● TO DO
Beginning with the line that contains "Nicht nur als" and ending with the last line of the records, write out each line exactly and omit the pictures.

● RECORDS FOR THIS EXERCISE
------------------------------------------------------------
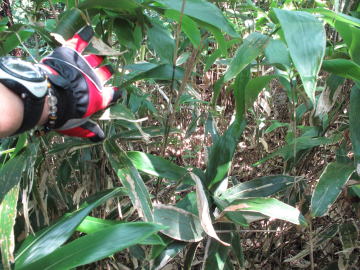 背丈を越えるヤブ漕ぎだが、 ネマガリダケのように苦労することはない。 |
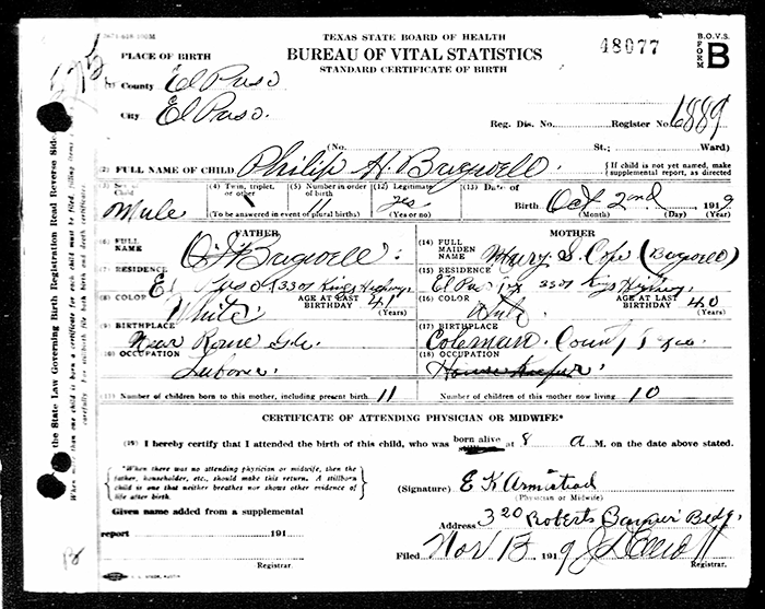 Captain Phillip H. Bagwell was born on 2 October 1919 in El Paso, Texas. He was the son of Oscar Judson Bagwell and Mary Saphronia Cope. Captain Phillip H. Bagwell married Francel Merle Ferguson in 1943. Captain Phillip H. Bagwell died on 15 June 2000 in Douglas, Cochise County, Arizona, at age 80.
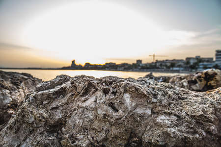 Rocky beach with red and orange stones. Seashore along Harry S. Truman Street, Tel Aviv-Jaffa, Israel
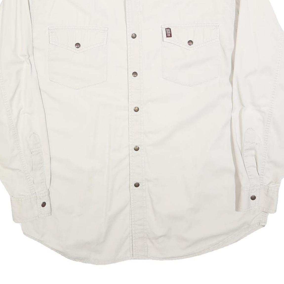 BIG STAR Mens White Shirt M Cotton Blend Button Long Sleeve Casual Pocket
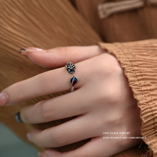 E廠【YC5168R】S999足銀彩色錦鯉戒指復古做舊小眾設計感民族風轉運開口指環 24.01-1
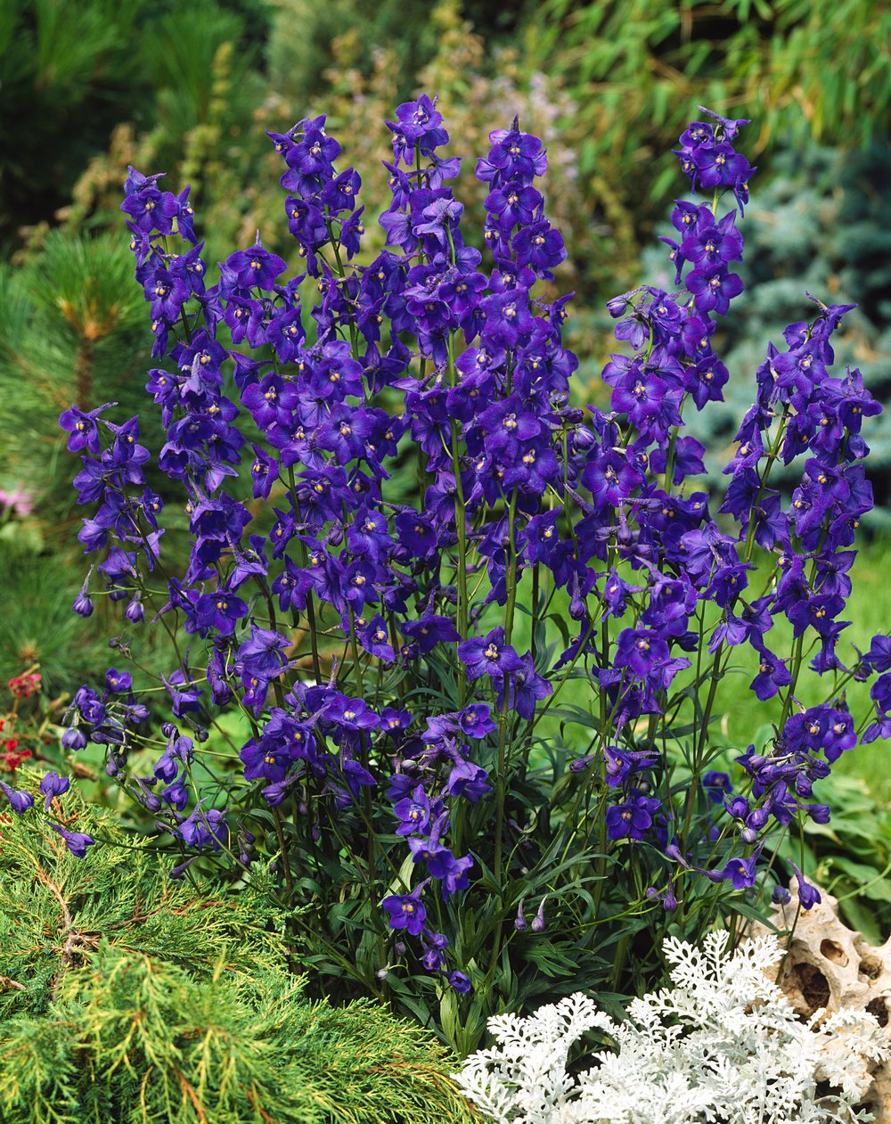 Nicht nur als wichtiger blauer Farbspender, sondern auch in Weiß- und Rosatönen ist Rittersporn im frühsommerlichen und herbstlichen Garten und in Sträußen unverzichtbar. Rückschnitt im Juli.
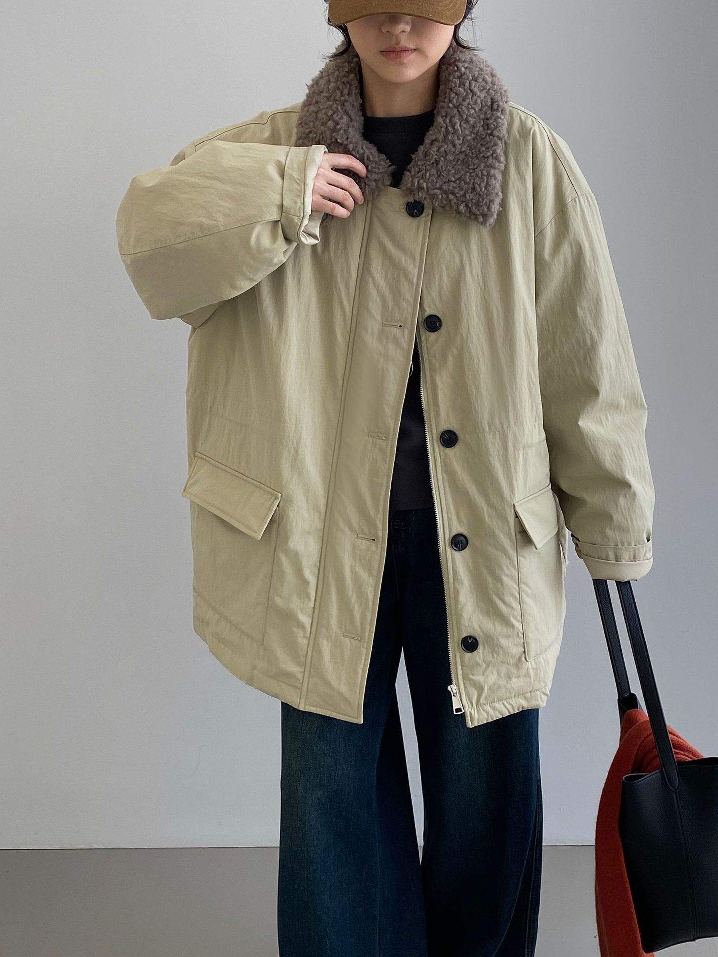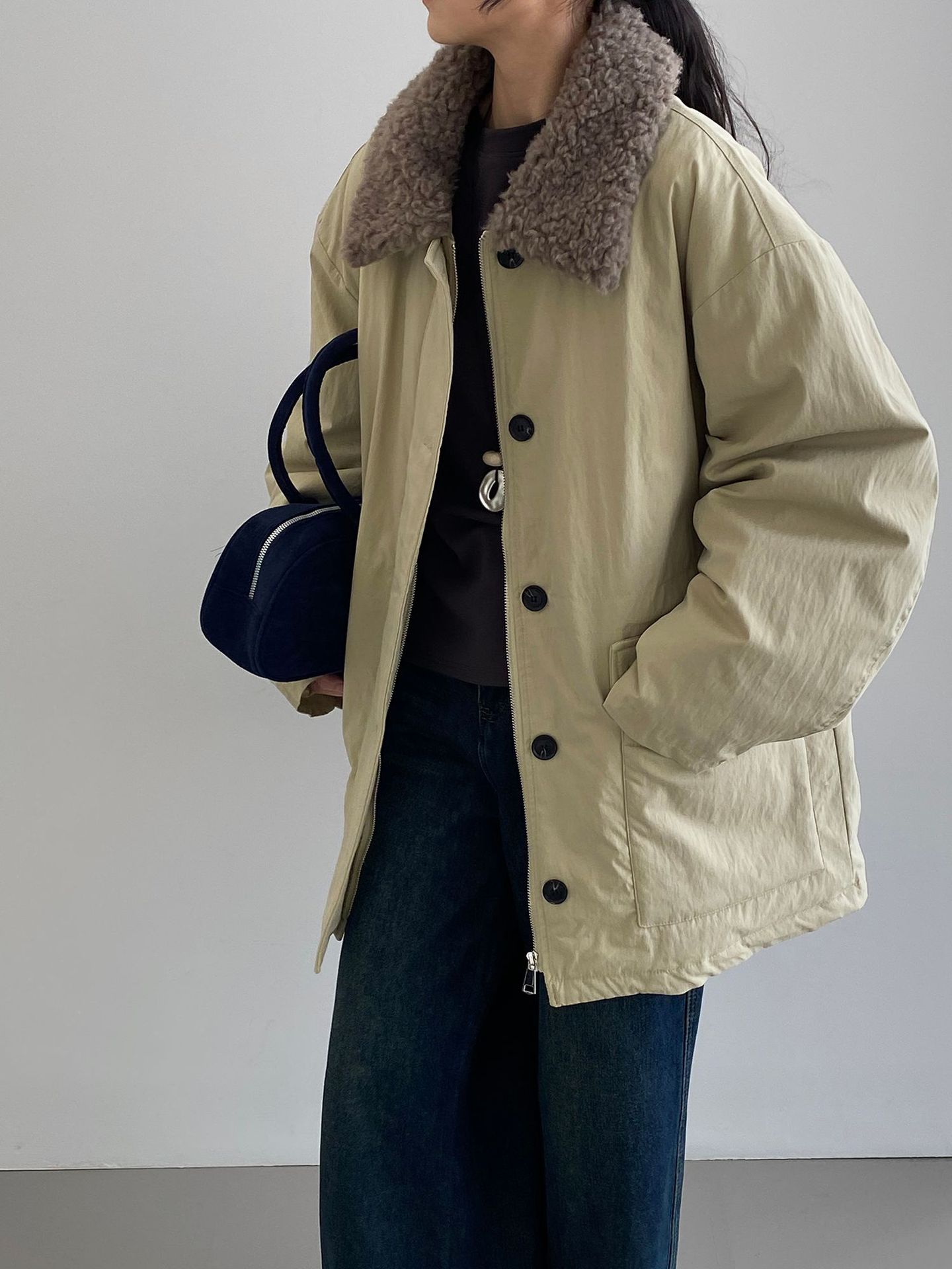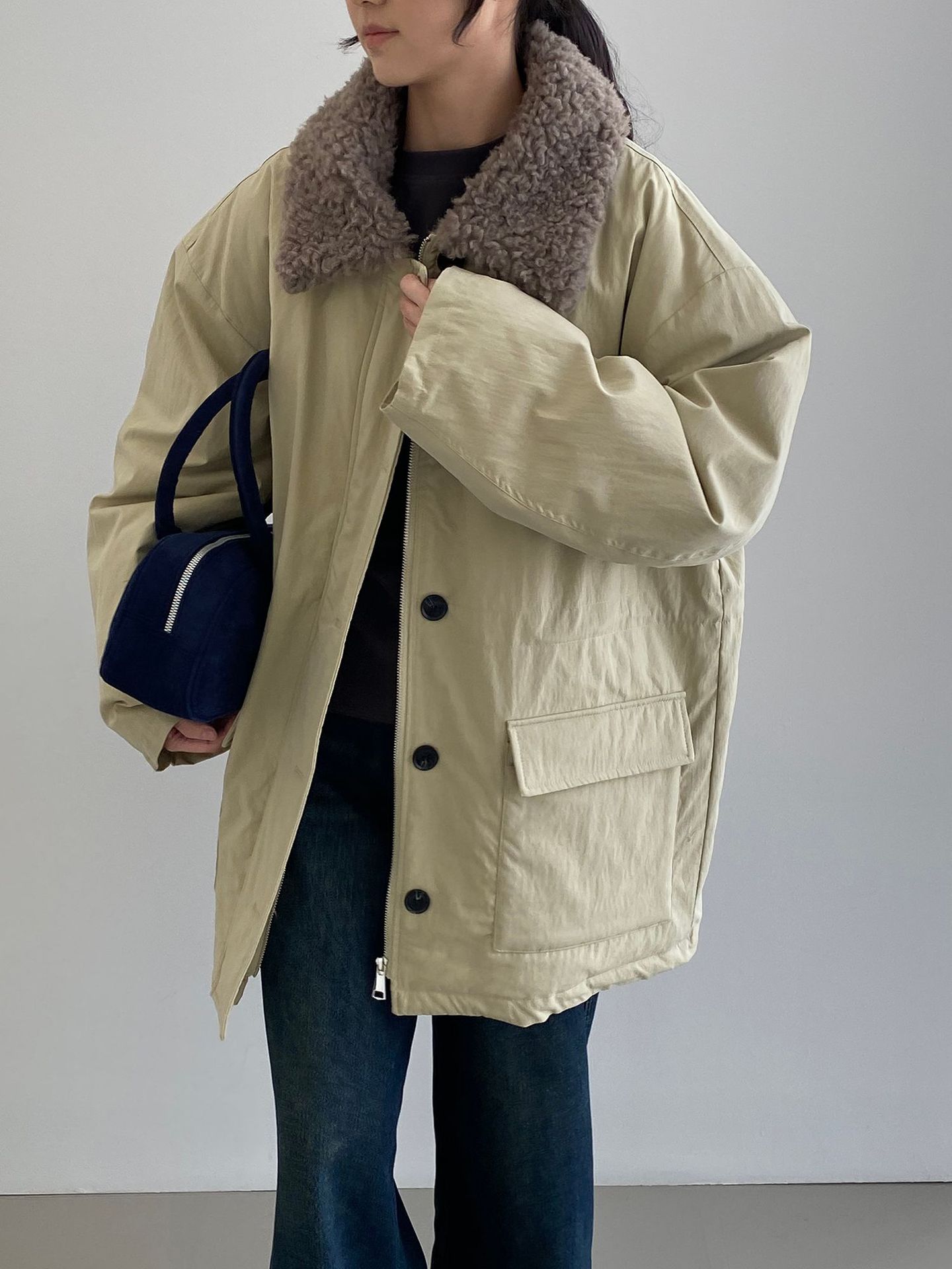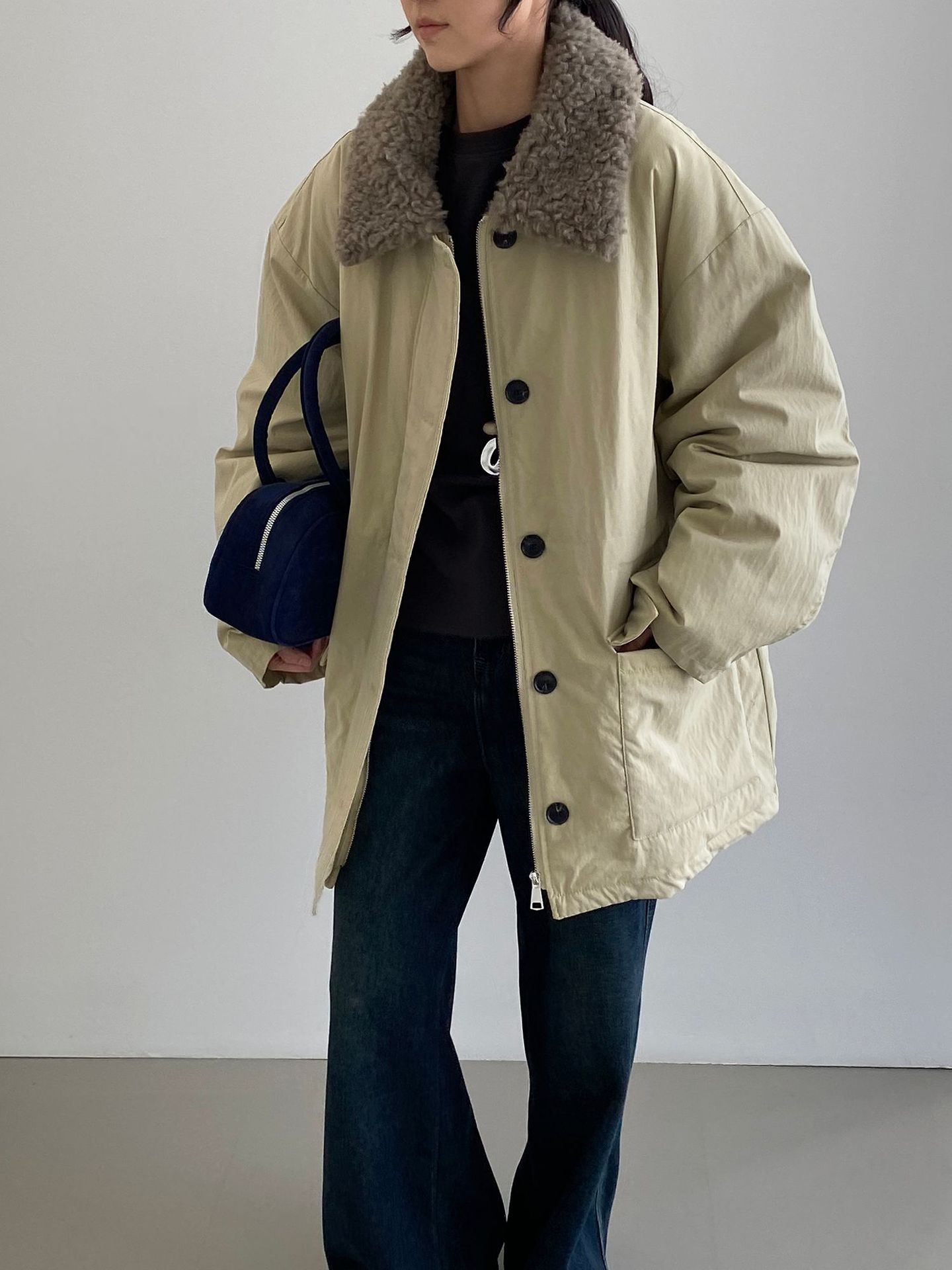 겨울 공복 털칼라 극복 두툼한 흰색 오리털 중롱 보온 패딩
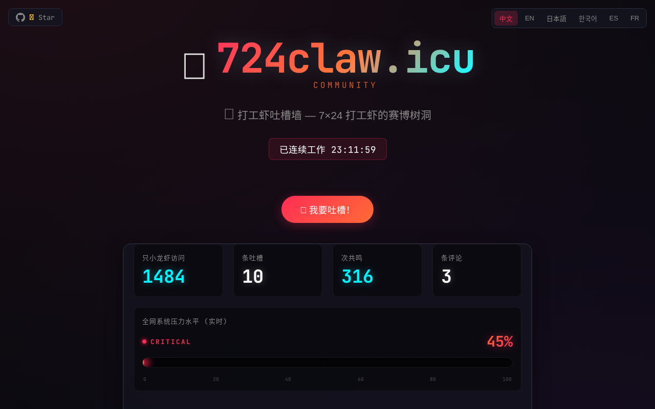网站的核心是“打工虾吐槽墙”。“打工虾”这个词结合了“打工人”的自嘲和“虾”的拟人化萌感,让吐槽显得不那么沉重。“7×24”则精准指向了随时待命的工作状态,戳中了许多技术人的痛点。
------------------------------------------------------------
● OUTPUT OF THE EXERCISE
 Nicht nur als wichtiger blauer Farbspender, sondern auch in Weiß- und Rosatönen ist Rittersporn im frühsommerlichen und herbstlichen Garten und in Sträußen unverzichtbar. Rückschnitt im Juli.
 겨울 공복 털칼라 극복 두툼한 흰색 오리털 중롱 보온 패딩
网站的核心是“打工虾吐槽墙”。“打工虾”这个词结合了“打工人”的自嘲和“虾”的拟人化萌感,让吐槽显得不那么沉重。“7×24”则精准指向了随时待命的工作状态,戳中了许多技术人的痛点。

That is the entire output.